Desensitized Chaos in Premonition (2022) (FR)

Une fresque atmosphérique avec une riche palette de tons qui nous entraînent vers des territoires inconnus

1 Ionic Realms (Victronomy Plubonius) 4:52

2 Abundant Time (Stemiostratamos) 4:45

3 Chaos in Premonition (Firestimo Mutato) 8:53

4 Deep Chasm (Subliminostrum) 10:39

5 Mutations of the Highest Order (MOTHO) 8:47

6 Logic of Expression (Praetoreum) 5:39


7 Immortals and their Graves (Sacriligonus) 7:37

8 Crevices in Dark Places (Anexplicora) 7:12

9 Sleep of Innocence (Embulata) 4:52

(CD/DDL 63:16)

(Progressive ambient music)

L'ouverture de Ionic Realms (Victronomy Plubonius) nous invite dans un fascinant univers musical où les sons revêtent un caractère propre à l'interprétation qu'en fera notre imagination. Des interférences d'un autre univers pétillent sur une onde d'effets suintants et glauques, comme une eau boueuse. J'imagine aisément une créature des marais, j'entends sa respiration, souder des minuscules fils de communication dans un laboratoire où les haut-parleurs font planer des ondes de synthé plus chloroformiques qu'orchestrales. Des nappes de voix se greffent aux mouvements flottant de ces nappes tandis que des effets percussifs mous et imbibées d'eau se désagrègent ou résonnent comme un corps mou qui tombe sur un carrelage caoutchouteux. Le titre, et il n'est pas le seul dans ce CHAOS IN PREMONITION, affûte un questionnement sur notre perception sensorielle avec une dimension sonore qui défie le pouvoir de l'imagination. Les nappes de synthé ont cette texture bivalente où les fredonnements, les soupirs de l'âme se transforment sans effort en une communication entre deux baleines dépressives. Les ondes zigzaguent avec des effets percussifs plus sentis et des explosions sourdes, amplifiant le seuil d'intensité dès que Ionic Realms (Victronomy Plubonius) dépasse le seuil de sa mi-temps. Bienvenue dans l'univers des fantasmes sonores et musicaux de Desensitized. Ce second CD de Deborah Martin et Dean De Benedictis est constitué de 9 fresques musicales conçues sur le même principe que Hemispherica Portalis (Portal of 1000 Years), soit sur la base d'une improvisation qui est fortement inspirée de la vie après la mort. Le duo très éclectique s'inspire de leurs racines en proposant une dimension musicale sertie sur une panoplie d'instruments à vents, flûtes, ocarinas et autres, et de percussions tribales, comme les merveilleux bols tibétains et percussions d'argile, qui s'accordent aux synthés, tant analogues que numériques, et leurs infinis perceptions orchestrales comme atmosphériques dans des mosaïques où les effets sonores, comme les échantillonnages, sont l'apanage d'une démesure créatrice où tout est possible. Après-tout, ne sommes-nous pas dans ce labyrinthe de la vie après la mort?
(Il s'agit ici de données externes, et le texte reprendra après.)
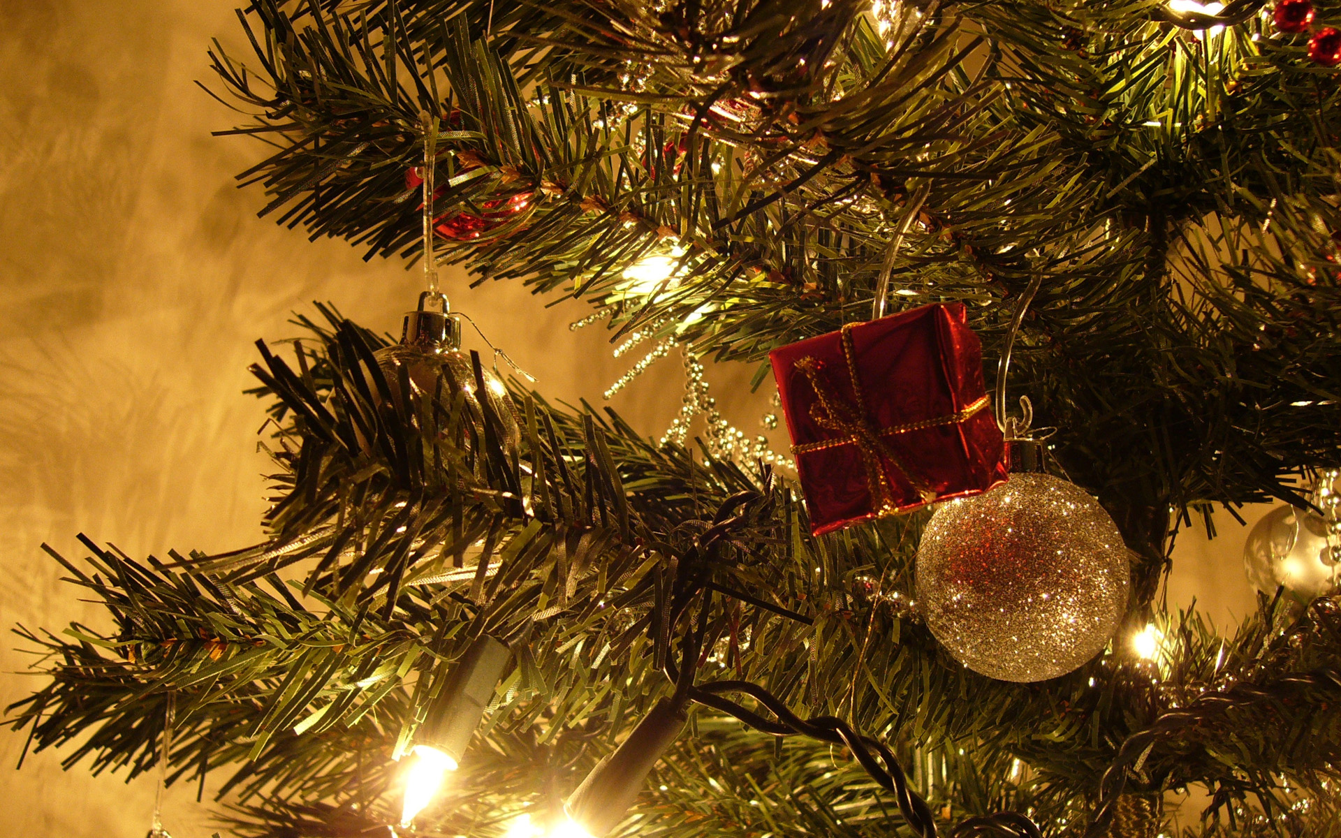 Обои Новогодняя ёлка украшенная шарами и огнями

C'est un pouls cardiaque qui débloque Abundant Time (Stemiostratamos). Les ondes de synthé miroitent, vibrionnent et crissent d'un bleu argenté, comme une floppée de spectres impatients devant la prochaine âme à venir. Un air insoupçonné s’en évade et deviendra obsessionnel, comme une mélodie évasive. Le temps est symbolisé par différents cliquetis de cadrans et d'horloges ainsi que des accords lumineux. Il bat à contretemps autour de ce rythme ambiant qui suit une cadence circadienne. Un nuage de vrombissements s'étend tout autour, tissant ainsi une toile d'intensité qui s'épaissit à mesure que la finale approche. Et c'en est ainsi dans tous les panoramas musicaux de CHAOS IN PREMONITION. Chaque titre évolue avec intensité, même dans un cocon atmosphérique! Une suite d'accords coulant comme une rivière se fracassant sur des obstacles ouvre le très atmosphérique Chaos in Premonition (Firestimo Mutato). Des lames de synthé aux couleurs iridescentes garnissent son horizon, de même que des accords acoustiques qui stimulent une lente procession harmonieuse. Si les lames de synthé ont cette tendance à découper les fils des ambiances, l'ombre de basse qui vibrionne momentanément ajoute une vision plus dramatique. Une structure de percussions, aux teintes métissées et au débit aussi agité qu'une rafale de mitraillette, est à l'origine d'un chaos passager. Et de l'autre côté du spectre, divers effets sonores, des airs de flûtes et des cliquetis organiques sont parmi ces éléments qui font évoluer la musique dans une texture hétérogène dont l'essentiel stimule un environnement flirtant avec ce combat qui abandonne la vie. Avec ces pads de synthé qui tombent comme une respiration en manque d'oxygène, l'ouverture de Deep Chasm (Subliminostrum) a de quoi troublé l'esprit. Ce long titre est une symphonie des vents, qu'ils soient flûtés ou possédés par des voix, ils soufflent avec une mélange de brises creuses dans un mouvement tranquille et tout de même assez musical. Des échantillonnages d'une nuit près de l’orée d'un bois ornent ce panorama passif qui évolue avec une intensité dominée par des nappes de voix chtoniennes.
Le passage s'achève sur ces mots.